-- WORK ITEM --
Give the entries again exactly. Skip the pictures.

* * *

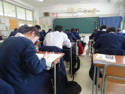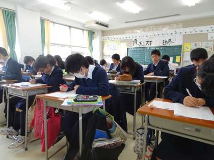 3年生の数学の授業の様子です。明日の都立入試に向けて予想問題を解いています。みんな真剣ですね。明日は、がんばってください。(遠藤)
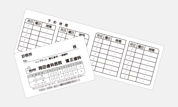 岡田歯科医院様の診察券を新たに制作いたしました。 今回のご依頼は、既存の診察券の増刷に伴う内容改訂を含んでおりましたが、以前のデザインを活かしたままの改訂となりました。具体的には、診療時間の表記を最新のスケジュールに合わせて更新し、予約の案内についてはレイアウトを微調整いたしました。 「診察券」は財布に収まる小さなカード1枚に、医院の印象やブランディング、更には患者さんの利便性が詰まっています。 診察券の素材の選択肢はプラスチック製やリライトカードなど多様化していますが、紙素材の診察券は、筆記性が高く、次回の受信日時を書き込むことに適しており、定期的な通院が必要な歯科や接骨院・整体院などで好まれる傾向にあります。また、紙素材は環境に優しい選択肢として、多くの場面で再注目され、紙素材は持続可能性の観点で高く評価されています。
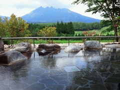21世紀に残したいふるさとの風景“新・くまもと百景”で、熊本県民投票のもと第一位に選ばれた公園。広々とした芝生広場の向こうに根子岳を望み、草スキーや動物とのふれあいも。
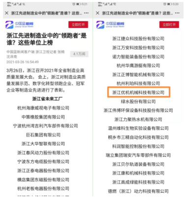浙江優(yōu)機(jī)機(jī)械科技有限公司上榜浙江先進(jìn)制造業(yè)“領(lǐng)跑者”名單
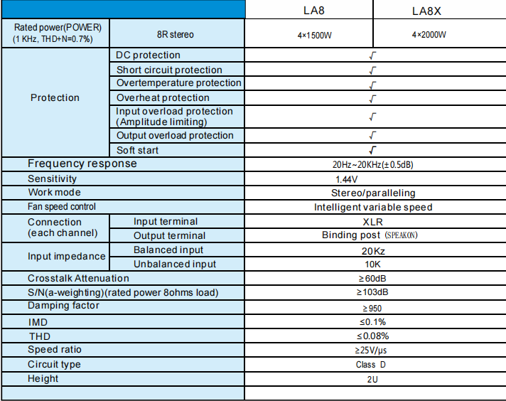 LA8 4 x1500w 8Ohm digital power amplifier with DSP
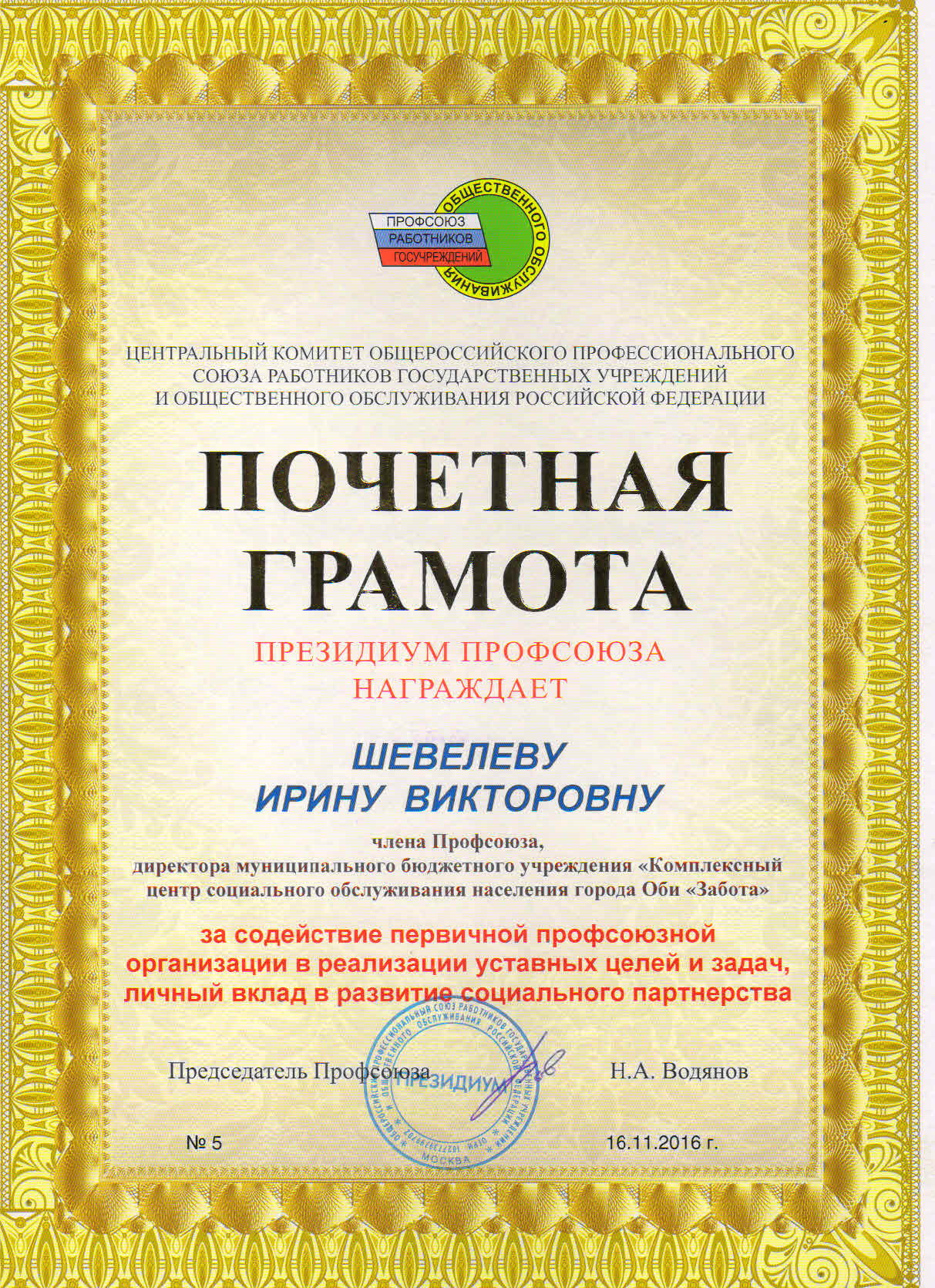Почетной грамотой председателя Федерации профсоюзов Новосибирской области
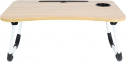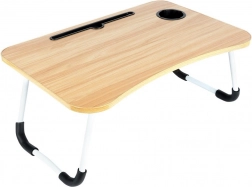 Składany lapdesk zamieni łóżko lub kanapę w wygodne mini stanowisko pracy. Przestronny blat 60 × 40 cm pomieści laptop, mysz i notatnik, zintegrowany rowek bezpiecznie podtrzyma tablet lub telefon, a dedykowany otwór stabilnie zabezpieczy kubek lub butelkę. Dzięki przepustowi na przewody możesz ładować urządzenia bez plątaniny kabli.
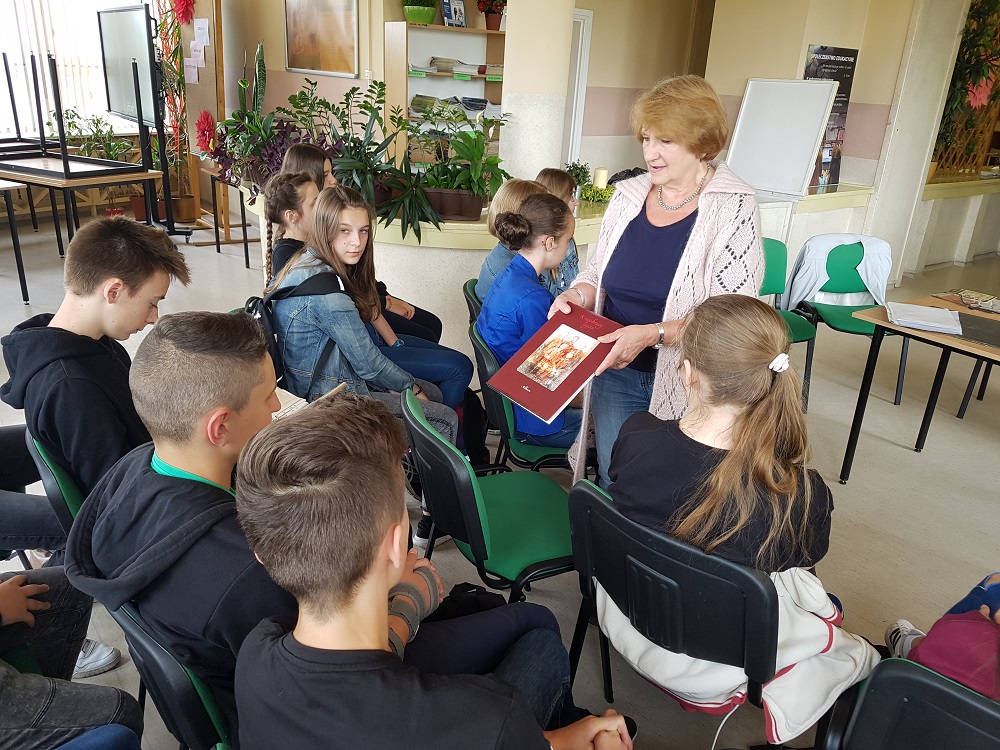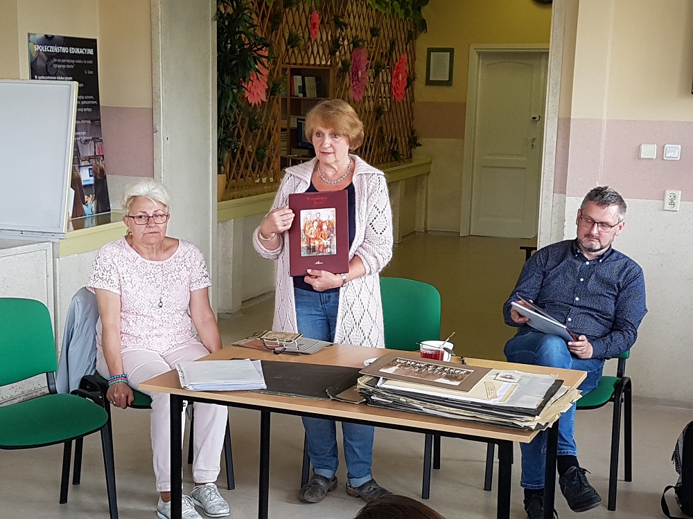 Momy czasym kole siebie mondrych i zasłużonych ludzi, ale czas robi swoji. Starziki umiyrajom a młodzi niy zawsze jich słuchali i ludzki żywota idom w niepamiyńć. Bestoż fest my som radzi, co na zaproszyni p. Grażyny Szmidt, przijechali ku nom Elżbiyta Bimler- Mackiewicz i Jacek Kamiński. Łopowiadali łoni ło Maksymilianie Basiście i ło ksionżce, kiero ło nim napisali. Ci, co byli na spotkaniu mieli łogromne szczynści połoglondac i potrzimać w rynce roztomańte pamiontki. Jak żech sie spytała Kamińskigo czy nie boji sie dować tego szkolorzom do rynki, padoł, że te papiory muszom żyć, bo inacy ni majom taki wartości.

* * *

-- THE ANSWER --
 3年生の数学の授業の様子です。明日の都立入試に向けて予想問題を解いています。みんな真剣ですね。明日は、がんばってください。(遠藤)
 岡田歯科医院様の診察券を新たに制作いたしました。 今回のご依頼は、既存の診察券の増刷に伴う内容改訂を含んでおりましたが、以前のデザインを活かしたままの改訂となりました。具体的には、診療時間の表記を最新のスケジュールに合わせて更新し、予約の案内についてはレイアウトを微調整いたしました。 「診察券」は財布に収まる小さなカード1枚に、医院の印象やブランディング、更には患者さんの利便性が詰まっています。 診察券の素材の選択肢はプラスチック製やリライトカードなど多様化していますが、紙素材の診察券は、筆記性が高く、次回の受信日時を書き込むことに適しており、定期的な通院が必要な歯科や接骨院・整体院などで好まれる傾向にあります。また、紙素材は環境に優しい選択肢として、多くの場面で再注目され、紙素材は持続可能性の観点で高く評価されています。
21世紀に残したいふるさとの風景“新・くまもと百景”で、熊本県民投票のもと第一位に選ばれた公園。広々とした芝生広場の向こうに根子岳を望み、草スキーや動物とのふれあいも。
浙江優(yōu)機(jī)機(jī)械科技有限公司上榜浙江先進(jìn)制造業(yè)“領(lǐng)跑者”名單
 LA8 4 x1500w 8Ohm digital power amplifier with DSP
Почетной грамотой председателя Федерации профсоюзов Новосибирской области
 Składany lapdesk zamieni łóżko lub kanapę w wygodne mini stanowisko pracy. Przestronny blat 60 × 40 cm pomieści laptop, mysz i notatnik, zintegrowany rowek bezpiecznie podtrzyma tablet lub telefon, a dedykowany otwór stabilnie zabezpieczy kubek lub butelkę. Dzięki przepustowi na przewody możesz ładować urządzenia bez plątaniny kabli.
 Momy czasym kole siebie mondrych i zasłużonych ludzi, ale czas robi swoji. Starziki umiyrajom a młodzi niy zawsze jich słuchali i ludzki żywota idom w niepamiyńć. Bestoż fest my som radzi, co na zaproszyni p. Grażyny Szmidt, przijechali ku nom Elżbiyta Bimler- Mackiewicz i Jacek Kamiński. Łopowiadali łoni ło Maksymilianie Basiście i ło ksionżce, kiero ło nim napisali. Ci, co byli na spotkaniu mieli łogromne szczynści połoglondac i potrzimać w rynce roztomańte pamiontki. Jak żech sie spytała Kamińskigo czy nie boji sie dować tego szkolorzom do rynki, padoł, że te papiory muszom żyć, bo inacy ni majom taki wartości.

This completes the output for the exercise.